This Surge is Different and Harder to Manage – Care Guidance Can Help
With new COVID-19 variants driving up rates of ER and inpatient utilization, hospitals are trying to adjust. Some of the problems are the same: lack of PPE, misinformation, and bed shortages. But this wave has some unique characteristics that make it more challenging.
The availability of the vaccine and the behavior of the delta variant are dominating headlines. What is less prominent is the trend toward sicker and more complex non-COVID patients. After months of quarantine, many patients delayed or deferred care. As a result, non-COVID patients come into the hospital at a higher acuity and require more resources, including more extended inpatient stays. This is adding to provider burnout and exhaustion, which has reached unprecedented levels.
Non-clinical care guidance is a cost-effective and scalable solution to help intervene and divert high-risk patients before they enter the ER. Through outreach to high-risk patients, care guides can help reduce avoidable ER and inpatient utilization rates, lower demands on clinical staff, and help relieve resource constraints. They do this by helping divert patients to better care sites, addressing patient non-compliance, intervening on rising risk patients before they have an adverse event, and monitoring and managing patients for depression and anxiety.

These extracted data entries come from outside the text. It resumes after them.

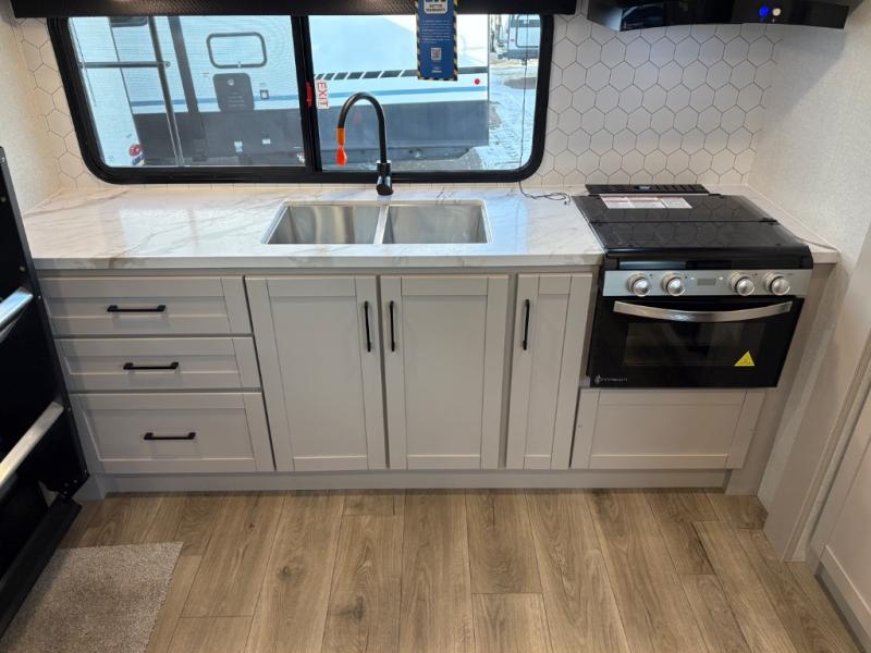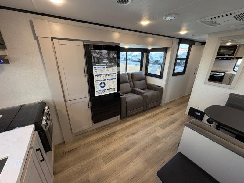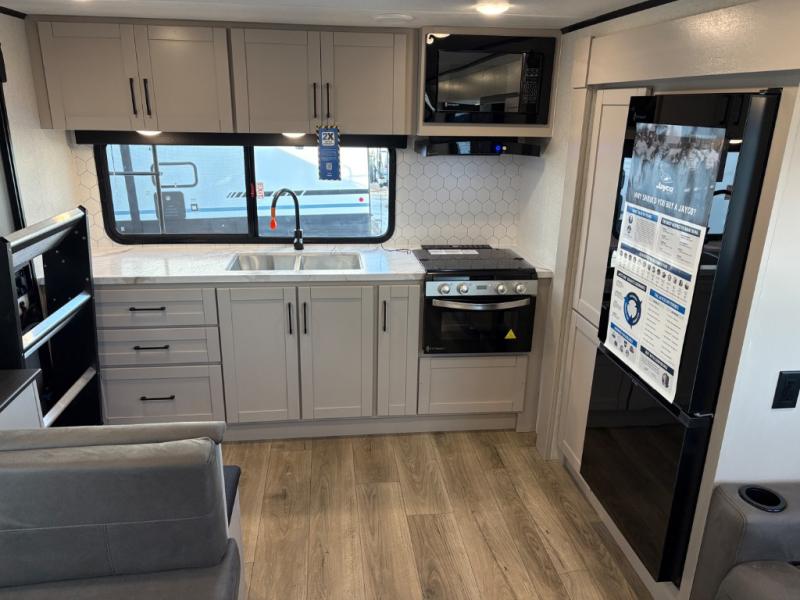 With any Jay Feather travel trailer by Jayco, you will enjoy lightweight towing, convenient exterior amenities, and at-home comforts inside! The Overlander 1 Solar Package included within the Jay Sport Package comes with a 200W solar panel and a 30-amp digital controller so you can enjoy some off-grid camping. There is also a modern graphics package, Solid fold-down step with aluminum tread steps on the main entry doorstep, and Climate Shield 0 -100° F tested weather insulation package that will allow you to camp in various types of climates. The Customer Value Package will make time outdoors easier than ever with a power tongue jack and Automotive-style aluminum rims, plus radial tires with self-adjusting electric brakes. More exterior features include a Keyed-Alike doors, a Magnum Truss roof system, and the list goes on! And we haven't even touched on the interior comforts, like the seamless countertops and Residential vinyl flooring throughout, decorative kitchen backsplash, handcrafted hardwood door/drawer fronts, and multiple USB charging ports to keep you going!
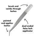 • CREATES A NATURAL LOOK: Features curved tweezers on one end to delicately grip and precisely lay your lashes on your lash line; on the other end is a brush to gently comb through and blend your faux and real lashes together for a natural look.
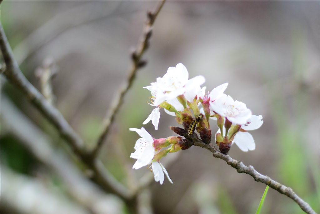 伐採された桜によく見ると毛虫が
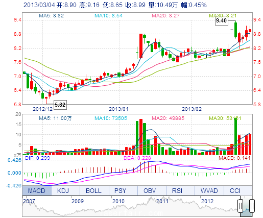 | 今 开: | 8.90 | 成交量: | 10.49万手 | 振 幅: | 5.70% |
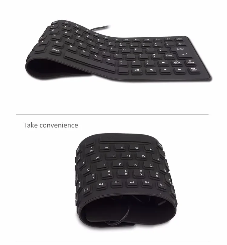 Teclado USB 2.0 flexible que es práctico, duradero y cómodo.
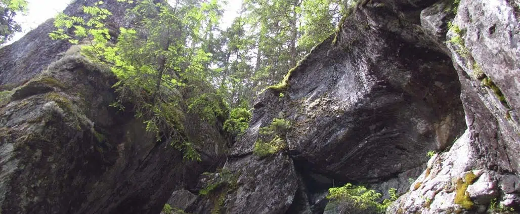 Lopultakin Pumpulikirkko: siinä se nyt olisi. Edessä siinsi korkeassa kallioseinämässä oleva aukko, joka kätki sisäänsä hiidenkirnun. Aikanaan kallioseinämä on joutunut antamaan periksi veden ja eroosion voimalle. Voi helposti sanoa, että Pumpulikirkko on eräs vaikuttavimmista kirnuista mitä olen maassamme tavannut.
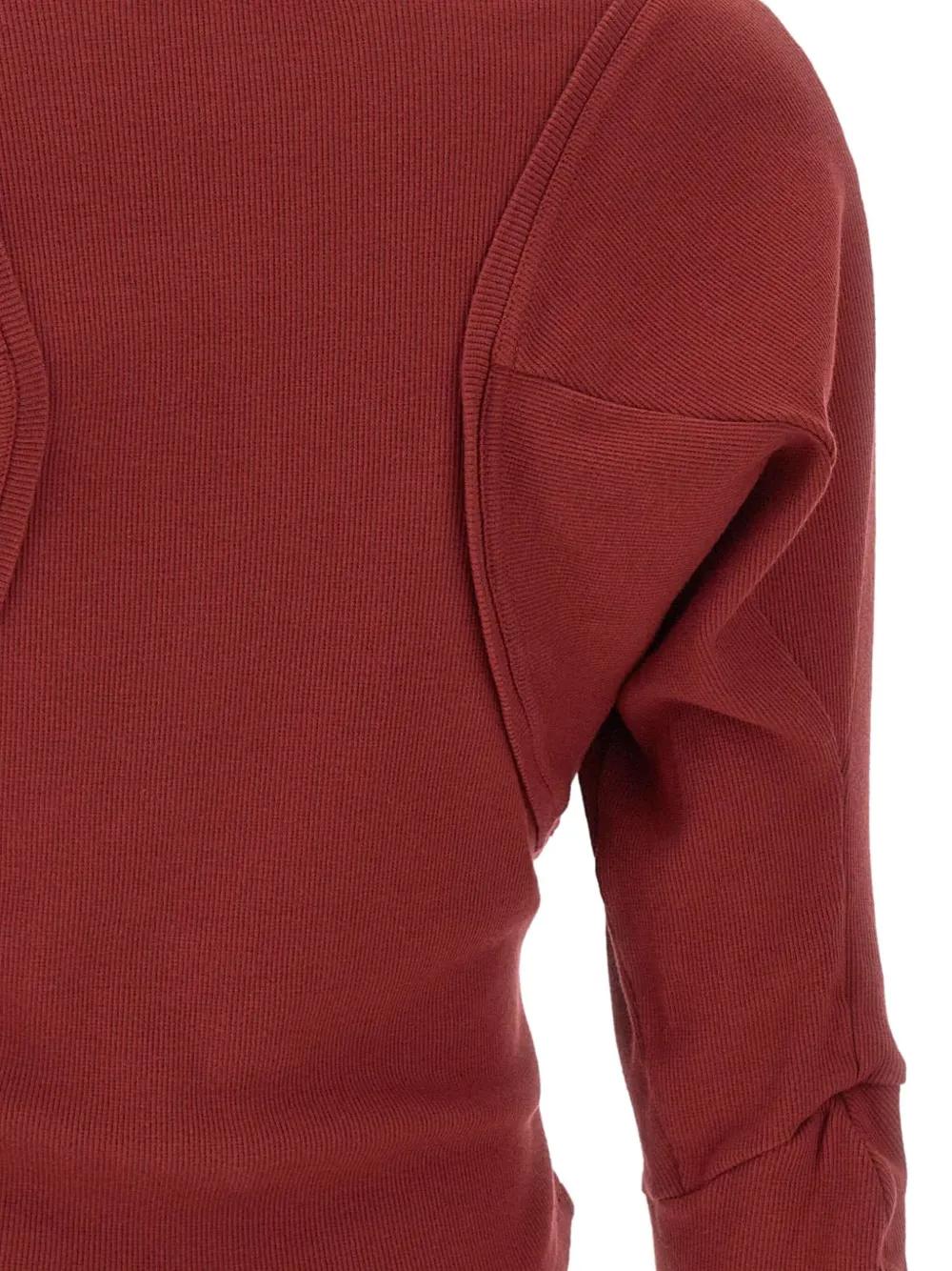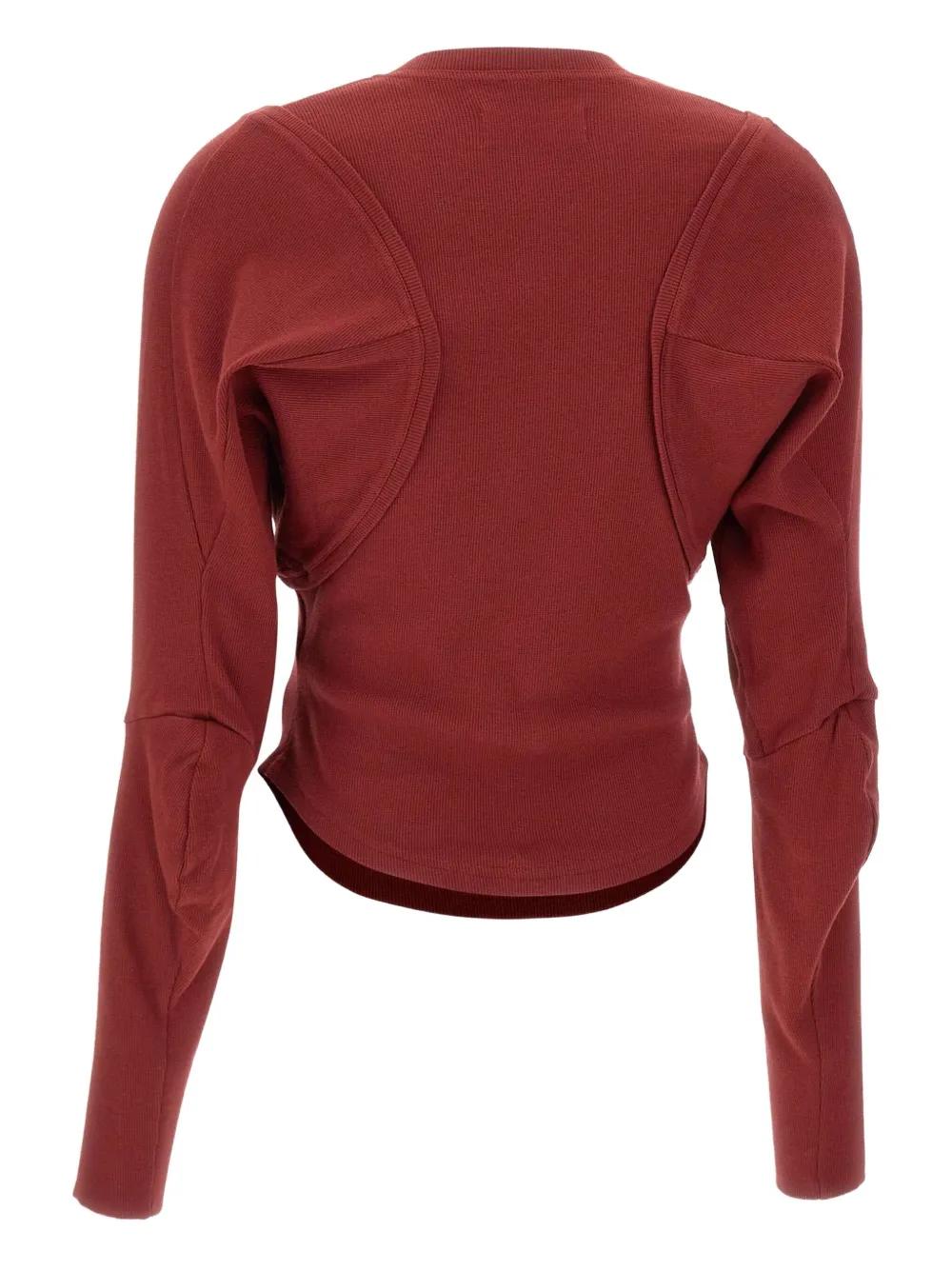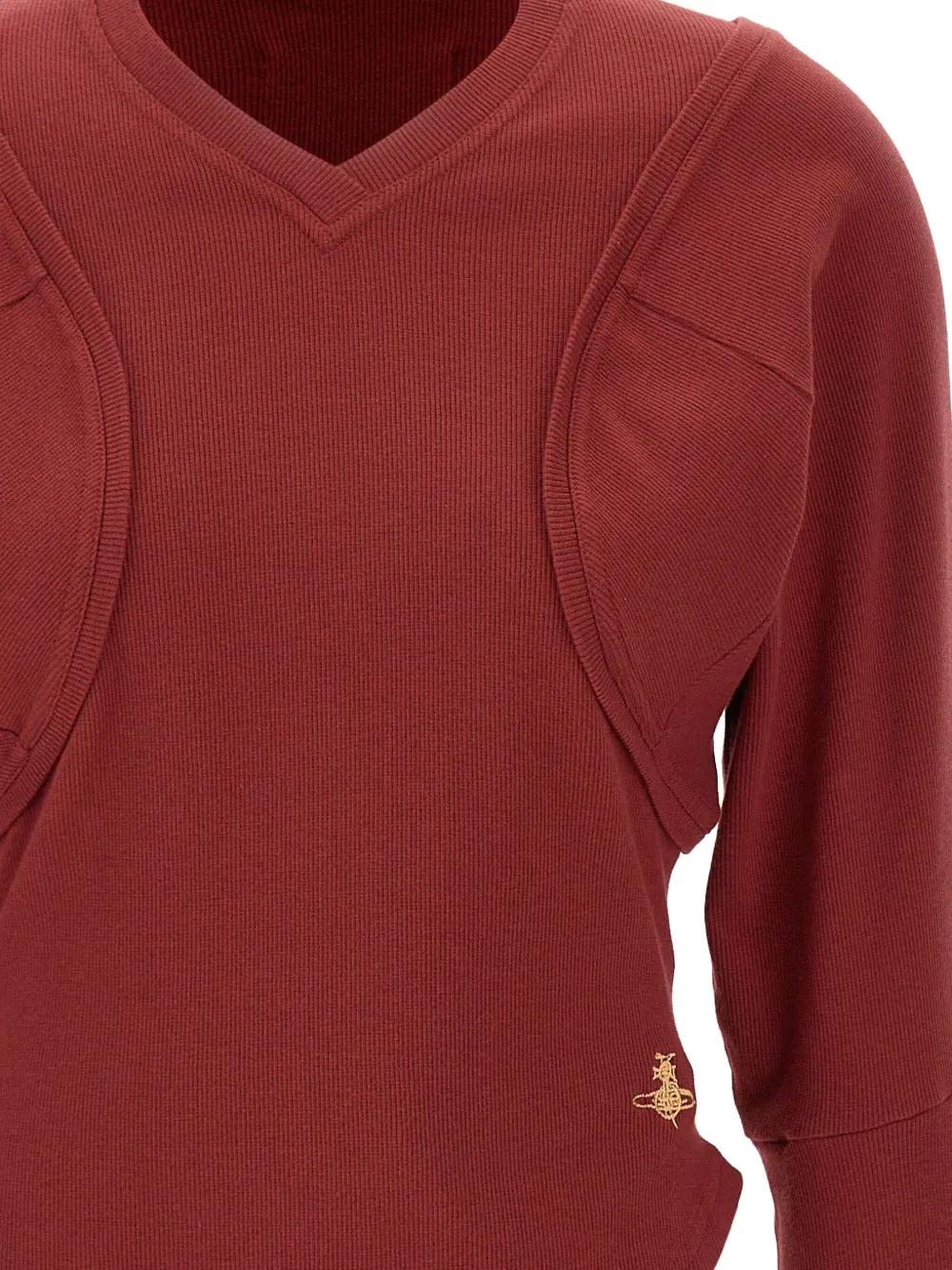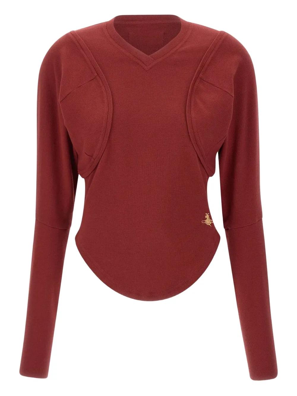 cherry red ribbed knit V-neck long sleeves embroidered logo at hem
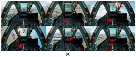 Figure 6a,b show the gaze point distribution and gaze path characteristics under six flight flying states. In the first row, the first picture shows a significant deviation of the flight cadet’s gaze from the task during a dangerous flight, with scattered points and a messy path. The second picture indicates distracted flight, with gaze fixed on irrelevant areas and a lacking dynamic path. The third picture represents normal flight, with evenly distributed gaze points covering key areas. In the second row, the first picture shows a concentrated gaze on relevant areas during highly concentrated flight, with short and frequent path switching. The second picture shows abnormal gaze distribution and a discontinuous path during fatigue flight, along with eye closure or wandering. The third picture shows reduced and sparse gaze points and a broken path during yawning, verifying the negative impact of fatigue. Gaze patterns under different states can be distinguished by features like distribution, regularity, and coverage.
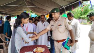 पंक्तिबद्ध खड़े देश के जवानों को छात्र छात्राओं ने राखी बांध आशीर्वाद प्राप्त किया। इंस्पेक्टर अवधेश कुमार ने बताया कि बार्डर पर तैनात सुरक्षा कर्मी समाज सहित बहनों की सुरक्षा पर आंच नहीं आने देंगे।हम आप सबकी सुरक्षा के लिए सदैव तत्पर है।
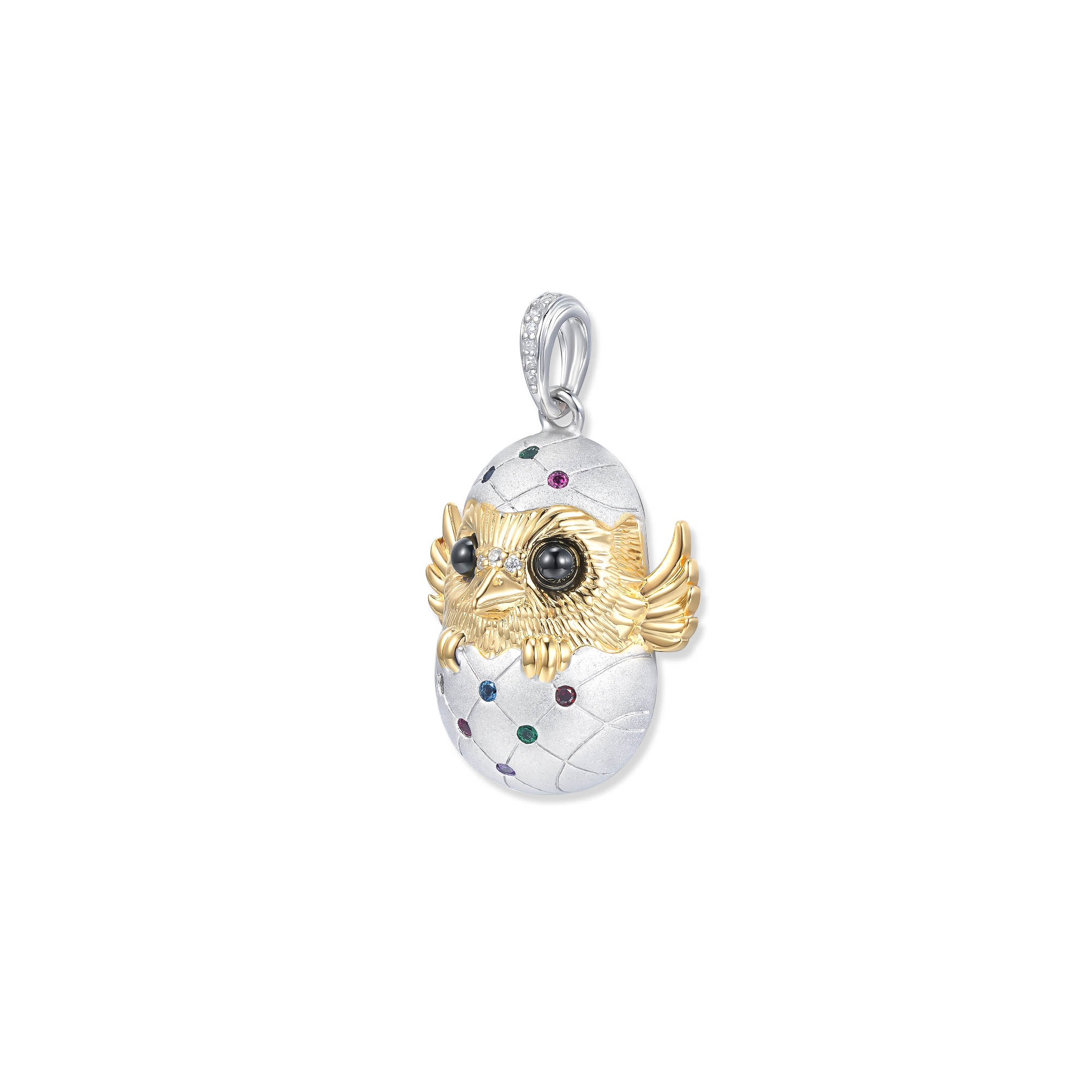 Der Pip Küken Anhänger ist ein entzückendes Schmuckstück, das mit seiner detailreichen Gestaltung und hochwertigen Verarbeitung besticht. Gefertigt aus 925er Sterling Silber, kombiniert er eine rhodinierte Oberfläche der Schale mit einer strahlenden 18k Vergoldung des Kükenkörpers, die diesem Schmuckstück eine luxuriöse Note verleiht. Die Schale ist mit funkelnden farbigen Zirkonia besetzt, die ein fröhliches und lebendiges Design schaffen. Die niedlichen Details des Kükenkopfs, wie die glänzenden Augen und die fein gearbeiteten Flügel, verleihen dem Anhänger einen verspielten Charme, der sowohl für besondere Anlässe als auch für den Alltag geeignet ist. Als Teil der exklusiven SEINERZEIT Flora & Fauna Kollektion vereint der Pip Küken Anhänger die Schönheit der Natur mit exquisiter Handwerkskunst. Dieses Schmuckstück ist nicht nur ein perfektes Geschenk für Tierliebhaber und Schmuckfans, sondern auch ein Highlight für jede Schmuckkollektion. Die robuste Verarbeitung aus Sterling Silber sorgt für Langlebigkeit, während die Kombination aus Rhodium und 18k Vergoldung Eleganz und Qualität garantiert.

Diverting Patients to Better Care Setting
Often, patients can be better served within an urgent care setting. And these urgent care sites are typically closer in proximity and have shorter wait times. But a lack of awareness drives patients to choose the ER over an urgent care center. They may not know that urgent care is an option or an urgent care center’s services.
Care guides can fill the gap in patient education by making sure that patients know about urgent care options and when they are available. They can do this over the phone, through email, or even text message. And education can happen before or after an ER visit. Care guides can proactively connect with high-risk patients to make sure they understand urgent care options and when to use them. For patients recently discharged from the hospital, care guides can send communications promoting the closest urgent care center and include wayfinding information and hours of operation.
Addressing Patient Non-compliance
Socioeconomic determinants and barriers to care drive up avoidable utilization by creating care gaps that lead to deterioration and ER utilization. Lack of transportation, financial challenges that impede medication adherence, misuse of remote patient monitoring devices—these are all non-clinical challenges that can quickly drive a high-risk patient into the ER.
Care guides can help address the non-clinical barriers that increase risk by lowering non-clinical obstacles and connecting patients to community resources. Finding a funding source or community grant that can help a patient fill a prescription or walking a patient through the set-up of a remote glucose monitoring device takes time and multiple touches. Nursing staff are already overstretched, and the second COVID surge is adding to shortages. Care guides can quickly and cost-effectively provide patient outreach, help engage community resources, and do the follow-up needed to ensure patient compliance, adherence, and satisfaction.
Intervening on Rising Risk Patients
Sometimes the right outreach made at the right time is all it takes to keep a patient out of the hospital. Care guides can serve as the front line for nursing staff. They can help monitor patient risk and escalate to clinical staff based on a provider’s protocols. For example, care guides can track the number of pillows that a CHF patient sleeps with every night. When the number jumps to three or four, the care guide knows to escalate the patient to a nurse because the patient is likely struggling to breathe comfortably at night. This ability to monitor high-risk patients for signs of deterioration helps drive intervention earlier and into outpatient settings. It also alleviates cognitive demands on clinical staff by escalating with just the information needed at just the right time to make a care decision.
Monitoring Behavioral Health Needs
COVID has created a behavioral health crisis that is more pronounced for those who are already struggling with chronic conditions. Social isolation from family and friends has caused rates of depression and anxiety to skyrocket. And for many patients, talking about behavioral health needs is difficult.
Care guides create a unique connection with patients. Unlike a clinician, care guides are peers. Patients are more likely to share needs, fears, and concerns with a care guide because of the peer-patient relationship. And through tools like the Patient Health Questionnaire (PHQ), care guides can monitor patients for depression and anxiety and escalate to a clinician when needed.
COVID-19 will have lasting and unforeseen impacts on our healthcare system. As we learn to adapt, ensuring quality, sustaining healthcare resources, lowering staff burnout, and improving overall satisfaction will remain focal points. Non-clinical care guidance is a scalable, cost-effective, and proven path to closing many of the gaps and risks that lead to avoidable utilization. It is an approach predicated on prevention, connection, and early intervention so that patients are cared for before they deteriorate, and clinicians are supported so they can continue to help those most in need.